Vor und nach der Landtagsdebatte nahmen sich die CDU-Politiker Dierks und Hartmann Zeit für eine ausgiebige Diskussion mit den etwa 50 Apothekerinnen und Apothekern. Beide dankten den Pharmazeutinnen und Pharmazeuten in Sachsen für ihren Einsatz und ihre Flexibilität angesichts der schwierigen Situation. In der Diskussion wurde deutlich, dass es nicht nur um kurzfristige Lösungen der Arzneimittelengpässe geht, sondern dass an einigen Stellschrauben gedreht werden muss, um die flächendeckende Versorgung mit Arzneimitteln in Sachsen zu sichern.
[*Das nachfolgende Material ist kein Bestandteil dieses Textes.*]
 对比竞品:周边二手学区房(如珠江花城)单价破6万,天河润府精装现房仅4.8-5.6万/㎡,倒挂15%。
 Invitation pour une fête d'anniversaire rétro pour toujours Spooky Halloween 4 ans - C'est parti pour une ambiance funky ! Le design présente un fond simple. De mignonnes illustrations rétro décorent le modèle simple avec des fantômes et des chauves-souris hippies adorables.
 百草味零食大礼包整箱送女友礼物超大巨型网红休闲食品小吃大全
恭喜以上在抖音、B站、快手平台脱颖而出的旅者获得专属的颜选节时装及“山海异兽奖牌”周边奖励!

Reinhard Groß, stellvertretender Vorsitzender des SAV, forderte, die erleichterten Austauschmöglichkeiten in Apotheken auch nach dem Auslaufen der SARS-CoV-2-Arzneimittel-Versorgungsverordnung fortzuschreiben. Apotheker müssten Rezepturen unkompliziert abrechnen können. Zudem müsse der Mehraufwand, der Apothekenteams durch das Managen der Engpässe entsteht, angemessen vergütet werden. 50 Cent wie im geplanten Generika-Gesetz vorgesehen, seien viel zu wenig.
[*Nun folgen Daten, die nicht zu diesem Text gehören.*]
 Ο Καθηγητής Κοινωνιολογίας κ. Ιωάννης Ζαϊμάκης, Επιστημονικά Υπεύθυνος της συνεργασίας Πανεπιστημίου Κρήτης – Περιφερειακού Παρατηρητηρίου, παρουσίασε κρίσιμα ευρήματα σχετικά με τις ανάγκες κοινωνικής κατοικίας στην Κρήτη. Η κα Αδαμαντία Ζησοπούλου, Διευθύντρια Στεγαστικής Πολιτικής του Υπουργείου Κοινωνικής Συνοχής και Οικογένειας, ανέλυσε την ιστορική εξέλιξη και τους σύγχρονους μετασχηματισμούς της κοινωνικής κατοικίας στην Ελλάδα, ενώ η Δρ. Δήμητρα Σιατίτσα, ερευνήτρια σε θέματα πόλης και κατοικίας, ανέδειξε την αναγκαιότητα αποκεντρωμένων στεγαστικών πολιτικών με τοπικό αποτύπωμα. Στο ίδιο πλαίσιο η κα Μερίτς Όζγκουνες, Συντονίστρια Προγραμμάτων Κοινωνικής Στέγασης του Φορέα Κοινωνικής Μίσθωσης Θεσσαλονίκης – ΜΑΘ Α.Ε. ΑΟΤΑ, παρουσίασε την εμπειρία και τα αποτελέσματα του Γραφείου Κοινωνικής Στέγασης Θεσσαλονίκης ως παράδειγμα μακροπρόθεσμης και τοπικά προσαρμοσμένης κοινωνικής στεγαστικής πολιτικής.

Friedemann Schmidt, Präsident der Sächsischen Landesapothekerkammer, betonte, dass noch in den nächsten drei bis fünf Jahren mit Ausfällen bei Wirkstoffen zu rechnen sei. »Eine Situation wie in den vergangenen Monaten habe ich in 30 Berufsjahren noch nicht erlebt«, sagte Schmidt. Er forderte, Bürokratie abzubauen, um die Rolle der Apotheken zu stärken. Dafür seien Änderungen im Apothekenrecht notwendig. Zudem sprach sich der Kammerpräsident dafür aus, dass sich der Freistaat mithilfe einer Initiative im Bundesrat dafür einsetzen solle, dass die Präqualifizierung abgeschafft und Retaxationen mit dem nötigen Augenmaß angewendet würden. Zudem müsse Apothekern die Möglichkeit eingeräumt werden, auch Präparate innerhalb von Wirkstoffgruppen unkompliziert auszutauschen.
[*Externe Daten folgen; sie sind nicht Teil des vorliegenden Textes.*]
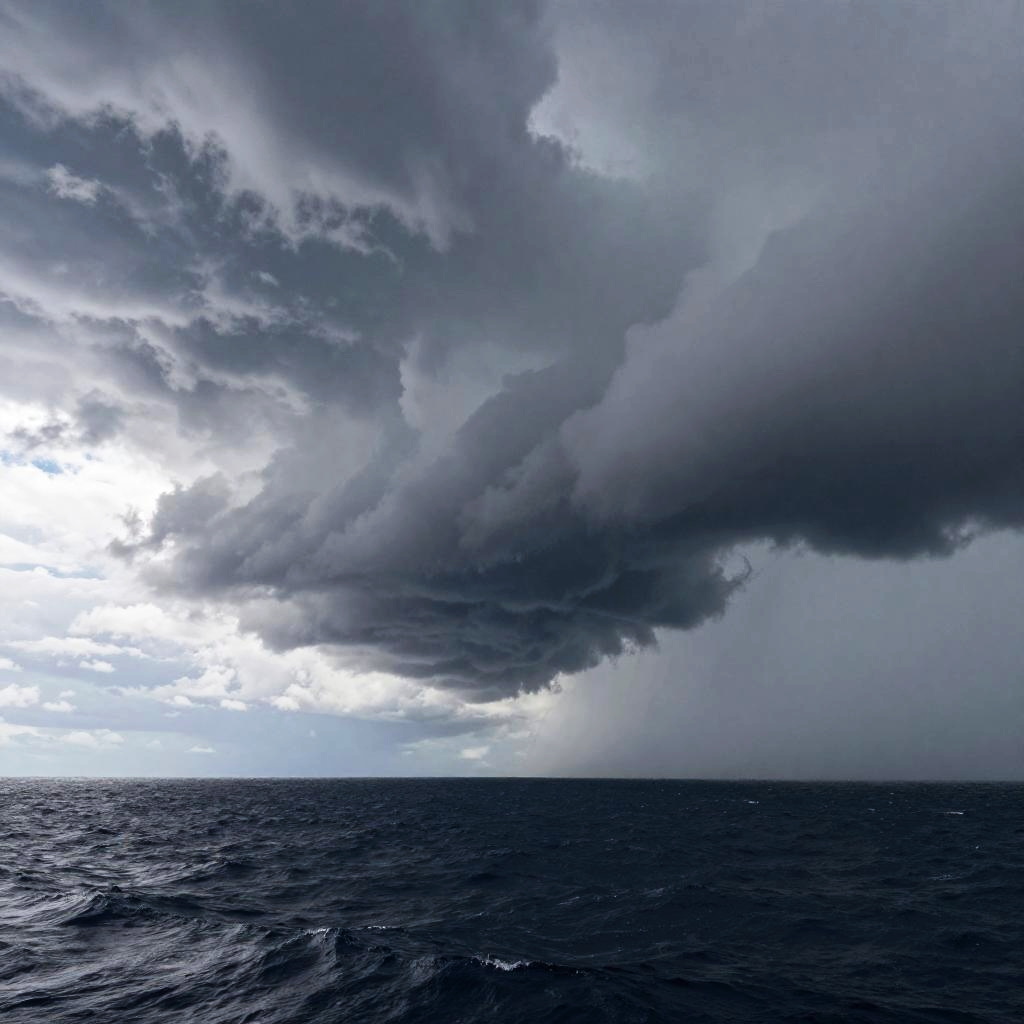 Photograph of a stormy ocean scene with dark, swirling clouds covering the sky. The clouds are heavy and dense, creating a dramatic contrast against a bright, overexposed patch of sky on the left. The ocean is dark blue, with small waves visible on the surface. The overall mood is tense and foreboding, with the storm clouds looming overhead.

Der CDU-Fraktionsvorsitzende Hartmann sprach sich ebenfalls dafür aus, bürokratische Regularien zu vereinfachen. Er forderte eine europäische Strategie, um den Lieferengpässen langfristig entgegenwirken zu können. »Es braucht den Austausch aller Akteure, um die Herausforderungen anzugehen«, sagte Hartmann. Es müsse gewährleistet sein, dass die Apotheken kurzfristig Arzneimittel liefern können. Sein Fraktionskollege Dierks kam daraufhin auf die Idee zurück, einen Runden Tisch zur Arzneimittelversorgung einzuführen. »Wir müssen den Austausch aller Akteure vorantreiben, um vernünftige Lösungen zu finden«, erklärte der sozialpolitische Sprecher der CDU-Fraktion. Dabei solle nicht nur über die Engpässe, sondern auch über das Apothekenhonorar gesprochen werden. Weiterhin sei die Ausbildung ein wichtiges Thema. So müssten mehr Studienplätze Pharmazie in Sachsen geschaffen und es müsse die Anerkennung ausländischer Abschlüsse erleichtert werden. Dafür wolle er sich als Sozialpolitiker einsetzen, machte Dierks deutlich.